Reinforcing Coherence for Sequence to Sequence Model in Dialogue Generation

Reinforcing Coherence for Sequence to Sequence Model in Dialogue Generation

Hainan Zhang, Yanyan Lan, Jiafeng Guo, Jun Xu, Xueqi Cheng

Proceedings of the Twenty-Seventh International Joint Conference on Artificial Intelligence
Main track. Pages 4567-4573. https://doi.org/10.24963/ijcai.2018/635

Sequence to sequence (Seq2Seq) approach has gained great attention in the field of single-turn dialogue generation. However, one serious problem is that most existing Seq2Seq based models tend to generate common responses lacking specific meanings. Our analysis show that the underlying reason is that Seq2Seq is equivalent to optimizing Kullback–Leibler (KL) divergence, thus does not penalize the case whose generated probability is high while the true probability is low. However, the true probability is unknown, which poses challenges for tackling this problem. Inspired by the fact that the coherence (i.e. similarity) between post and response is consistent with human evaluation, we hypothesize that the true probability of a response is proportional to the coherence degree. The coherence scores are then used as the reward function in a reinforcement learning framework to penalize the case whose generated probability is high while the true probability is low. Three different types of coherence models, including an unlearned similarity function, a pretrained semantic matching function, and an end-to-end dual learning architecture, are proposed in this paper.
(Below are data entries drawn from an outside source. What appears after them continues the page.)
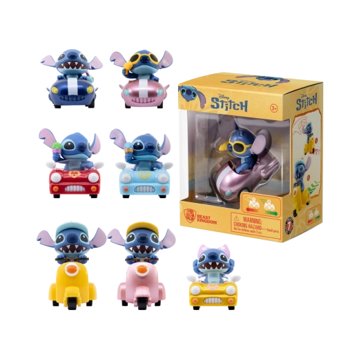 Die Stitch Zoom Hero Kollektion präsentiert den beliebten Helden STITCH in verspielten Posen auf unterschiedlichen Mini-Fahrzeugen. Jedes Stück überzeugt mit auffälliger Farbgestaltung und kleinen Accessoires wie Sonnenbrillen oder Blumendekorationen. Die Figuren sind in einer transparenten Kunststoffbox mit markantem Design verpackt, die das Produkt schützt und den Inhalt zugleich hervorragend präsentiert.
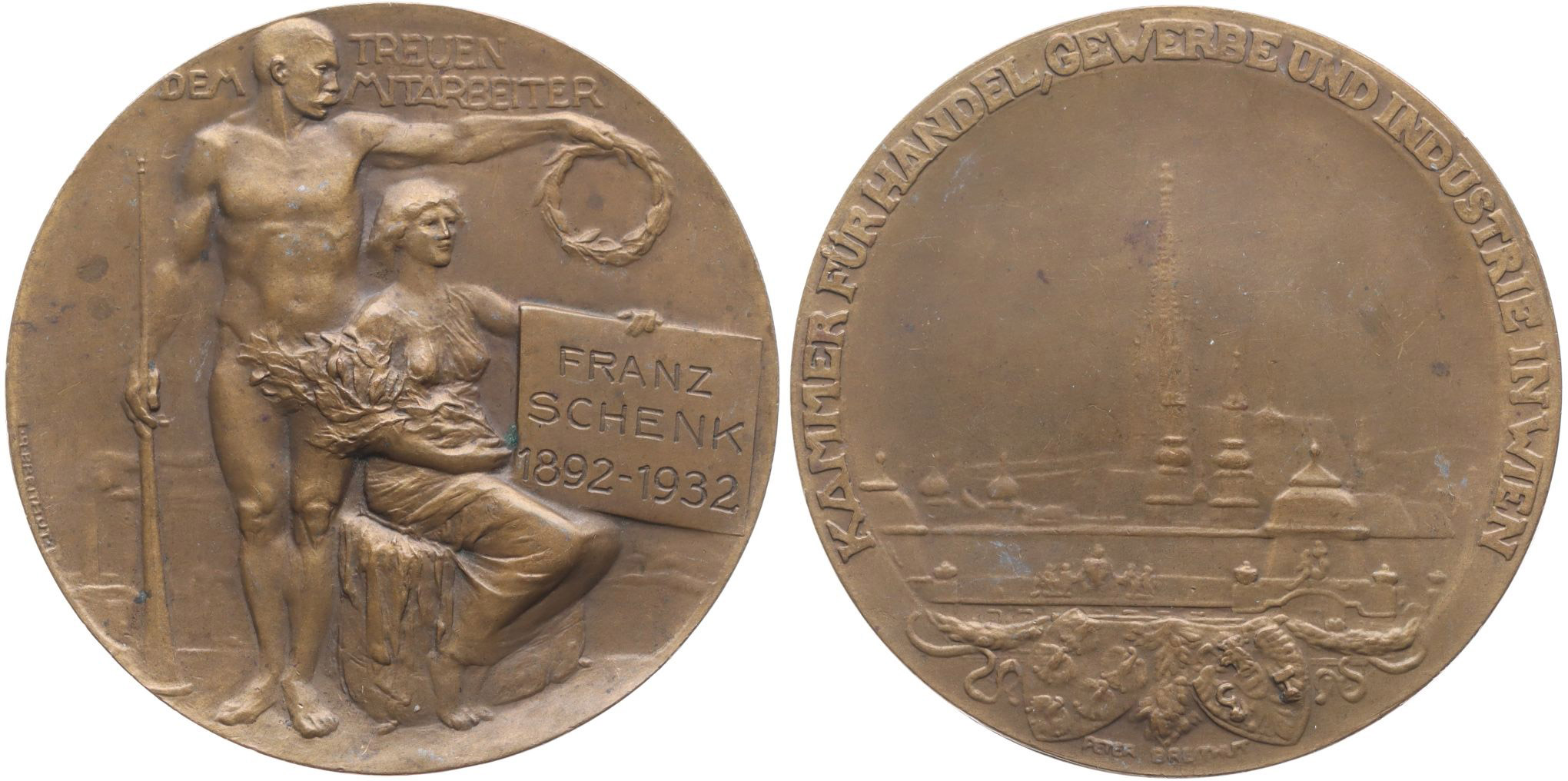 Vídeň - obchodní živnostenská a průmyslová komora ve Vídni 1932 Stojící mužská a sedící ženská postava s nápisem Franz Schenk 1892 - 1932 / pohled na panorama města, opis, Sign.P.Breithut, Bronz 66 mm
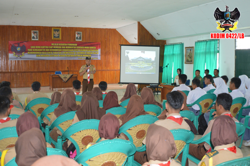 - Kemudian dilanjutkan dengan perkenalan Komandan Kodim 0422/LB dari mulai masuk TNI AD sampai saat ini menjabat Komandan Kodim 0422/LB. adek-adek semua sebagai generasi penerus bangsa harus mau belajar dengan baik patuh terhadap kedua orang tua dan para pembina yang ada disekolah masing-masing agar apa yang menjadi harapan dari orang tua dapat tercapai dengan baik.
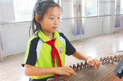 ⑥海口市灵山镇中心小学八音队的学生在弹奏古筝。
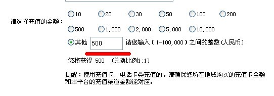 選擇您要兌換進(jìn)游戲的金額,可在圖示方框處手動(dòng)輸入任意整數(shù)金額,如上圖所示
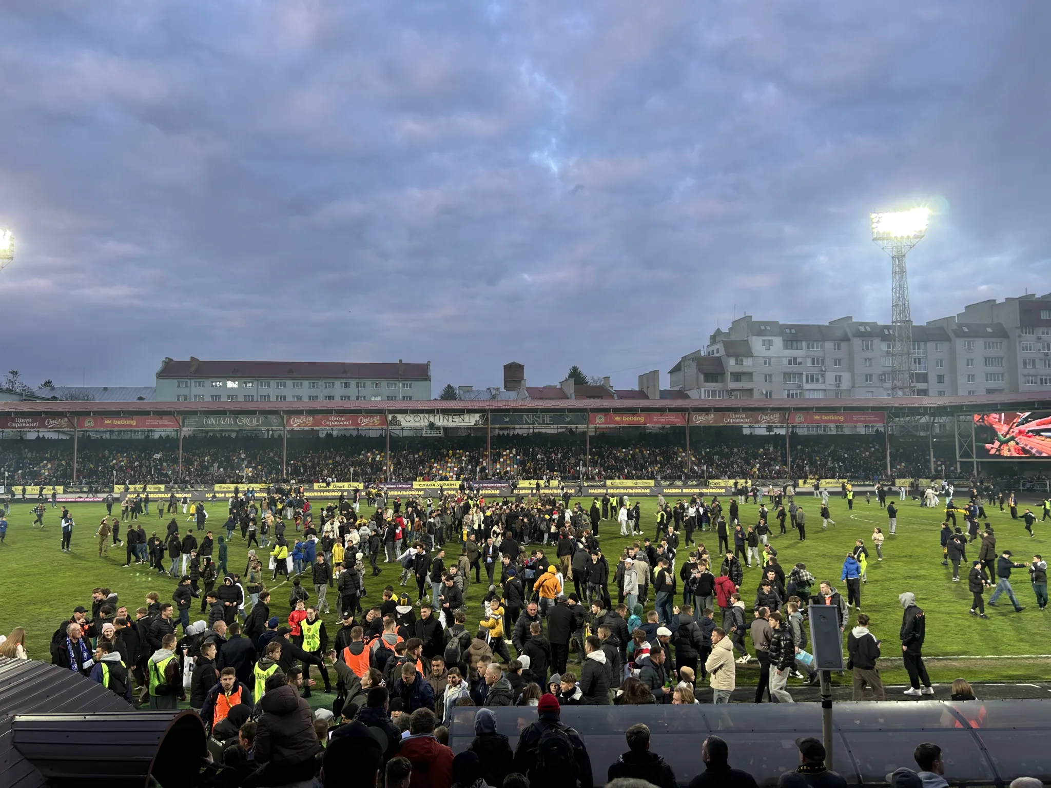 Фінальний свисток – і емоції виходять за межі трибун. Глядачі масово вибігли на поле, оточивши футболістів подекуди так, що вони не могли кроку пройти. Без сумніву, це здивувало не лише футболістів, а й гостей міста. Але про при усе, для Тернополя – це було справжнє футбольне свято.
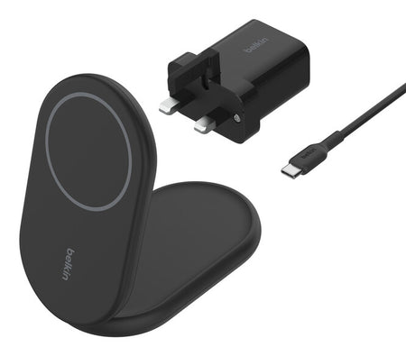 Our versatile Qi2 wireless charger is engineered with a durable hinge to be used as a stand or lay flat as a pad. Charge as you like, view your iPhone in stand mode, and fold up for compact storage.
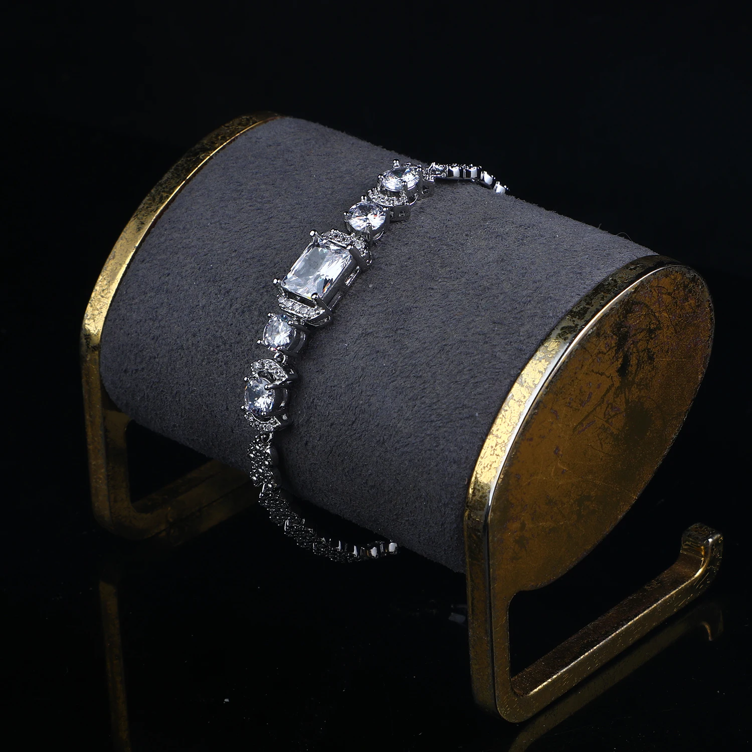 Platinum Plated Jewelry New for Women Fashion Elegant Gift Zircon Necklace Earring Bracelet Ring Set Jewellery Sets
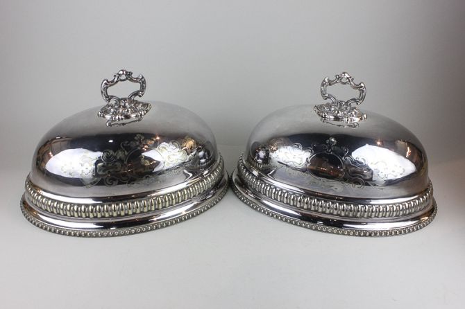 A pair of silver plated domed shaped oval covers, with engraved decoration and gadroon border 35cm
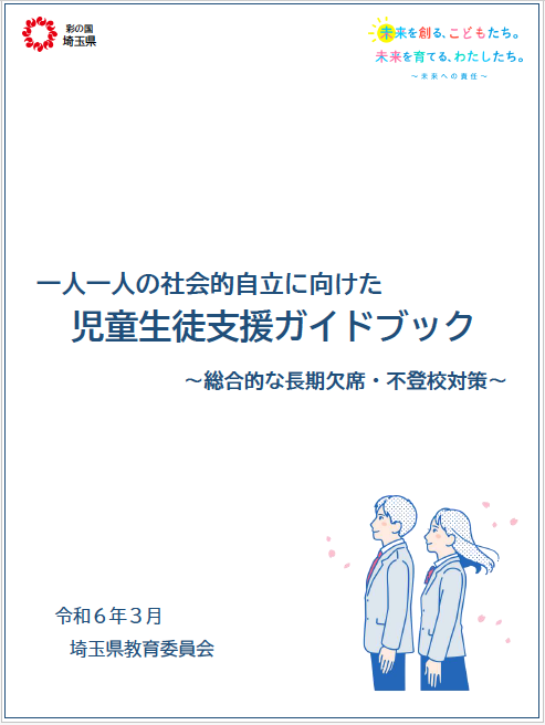 県では、本ガイドブックをさいたま市を除く県内公立の小学校・中学校・義務教育学校・高等学校・特別支援学校に配布し、教職員の校内研修資料、教職員の日常的な対応の手引きなどとして活用してもらうこととしている。
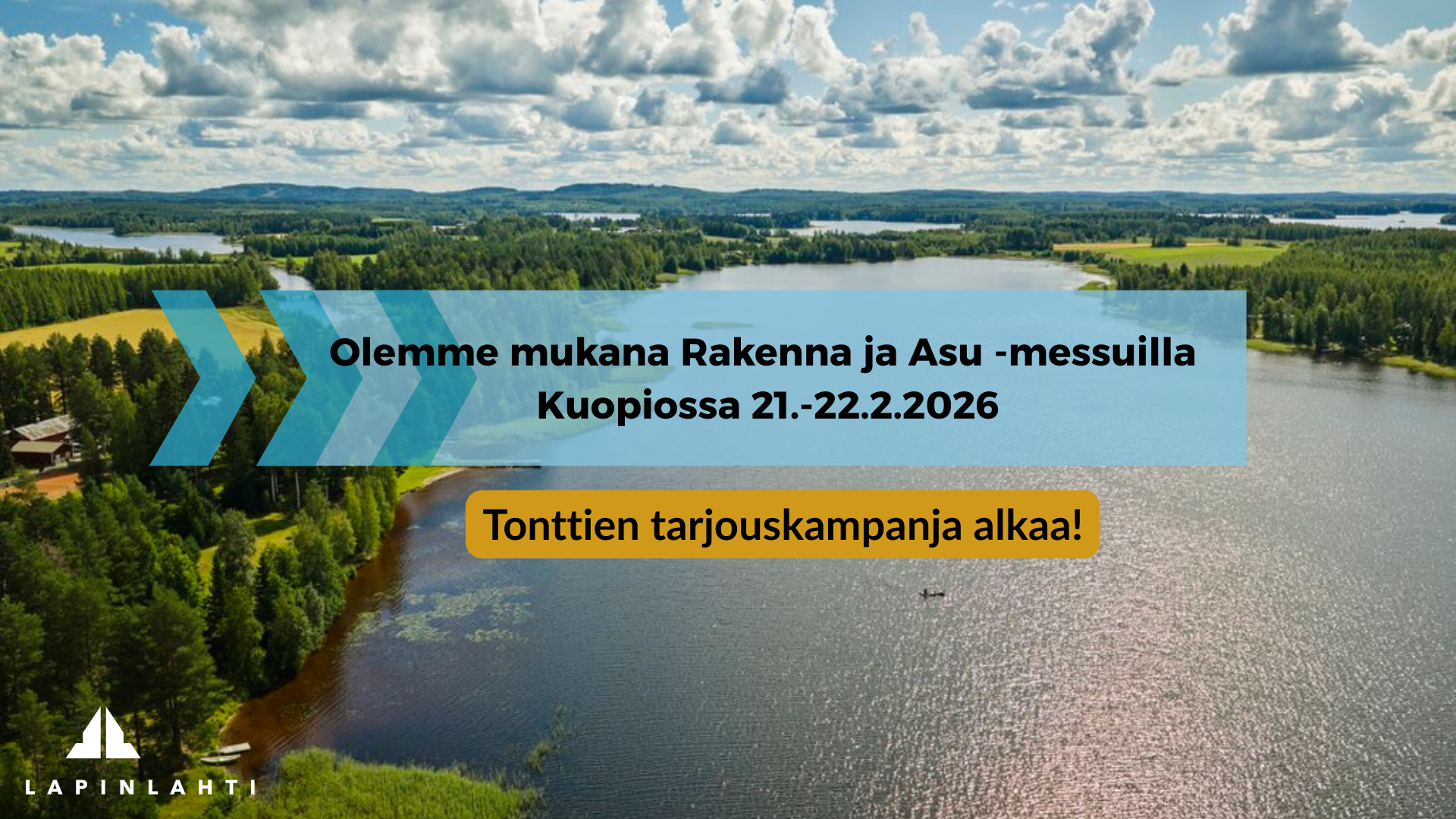 Julkaistu 5.2.2026 Lapinlahden kunta on mukana Rakenna ja Asu -messuilla Messut järjestetään Kuopio-hallissa 21.-22.2.2026. Löydät meidät osastolta F-2. Lapinlahden talotonttien tarjouskampanja käynnistyy ensimmäisenä messupäivänä. -
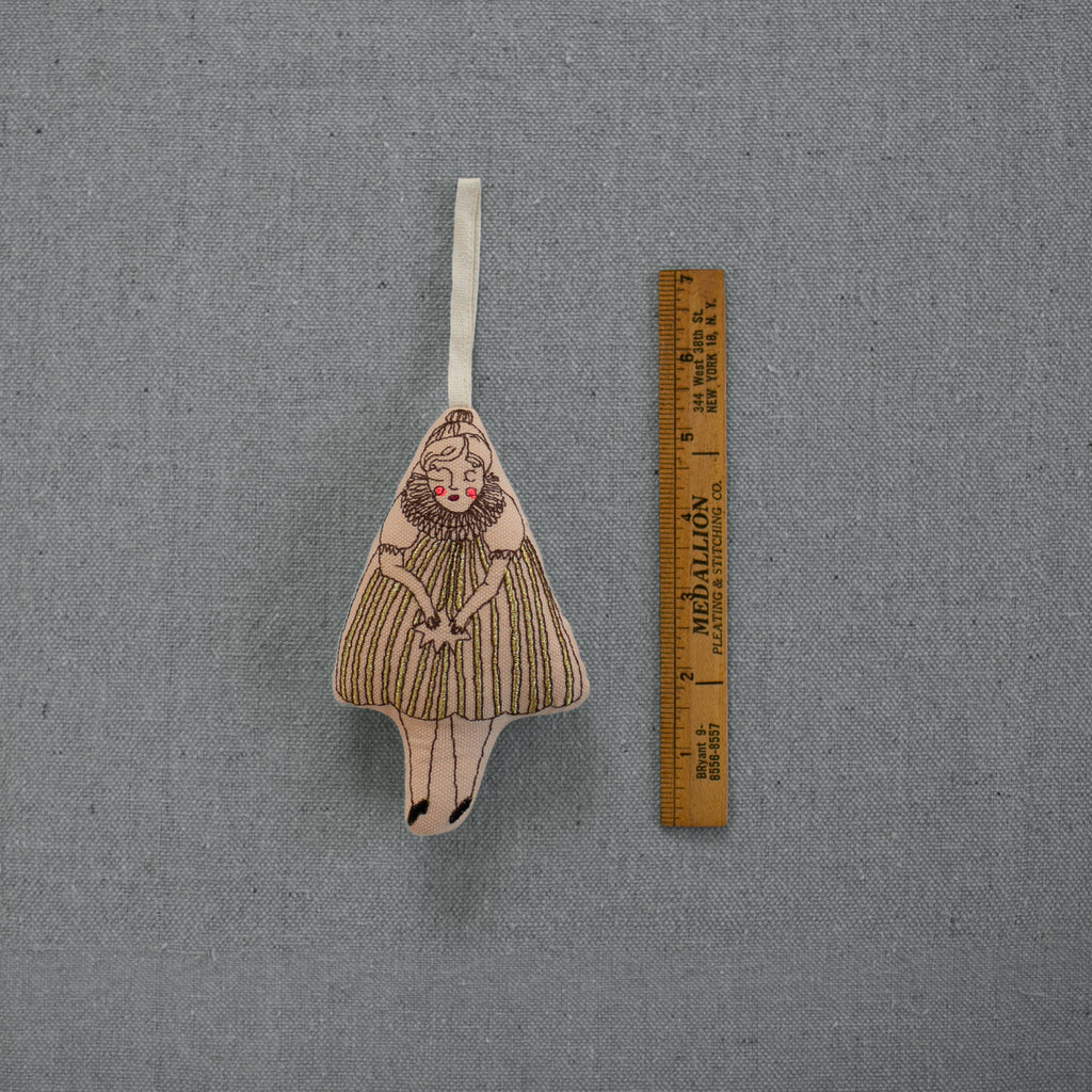 Sweet little lavender scented ornament of a little lady holding her wishing star. Completely handmade, machine embroidered on soft pink linen in various colorful and metallic threads. Hand turned and stuffed with a handful of scented lavender and a bit of natural cotton stuffing. Natural twill tape for hanging. Beautiful for hanging for the holidays, putting on a gift or standing in a little special spot. Dimensions- 5.5. " tall x 3.5" wide.
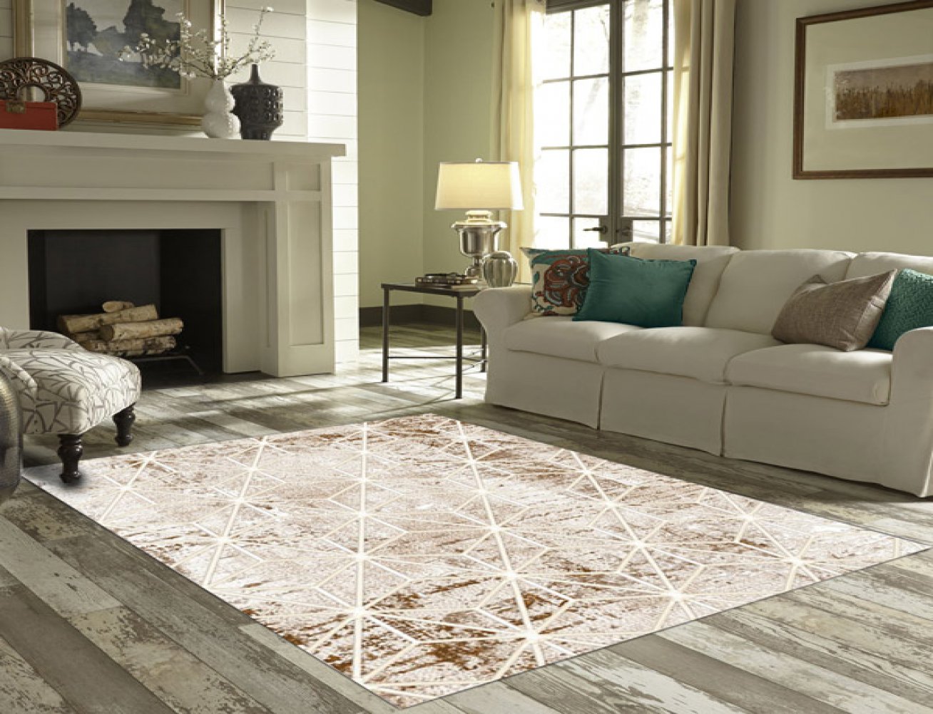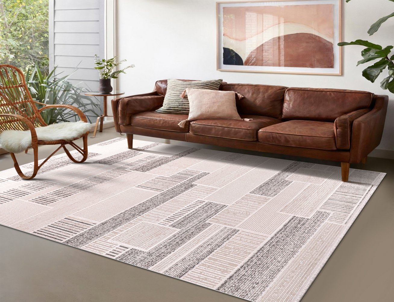 MODERN BASKILI KİLİM 91KREM
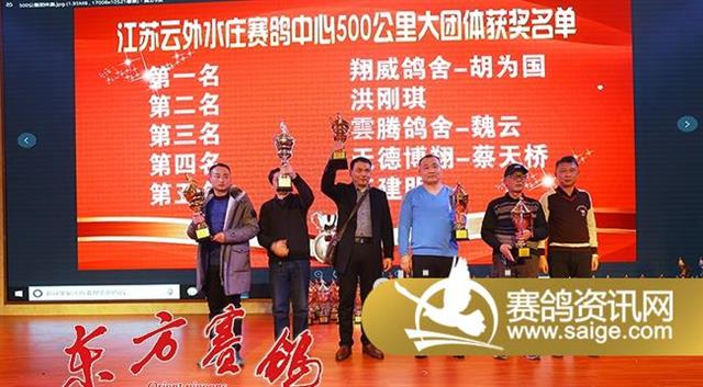 大团体前五名获奖鸽友喜捧奖杯

Experimental results on both Chinese Weibo dataset and English Subtitle dataset show that the proposed models produce more specific and meaningful responses, yielding better performances against Seq2Seq models in terms of both metric-based and human evaluations.
Keywords:
Machine Learning: Neural Networks
Natural Language Processing: Dialogue
Natural Language Processing: Natural Language Generation
Machine Learning: Deep Learning
Machine Learning: Learning Generative Models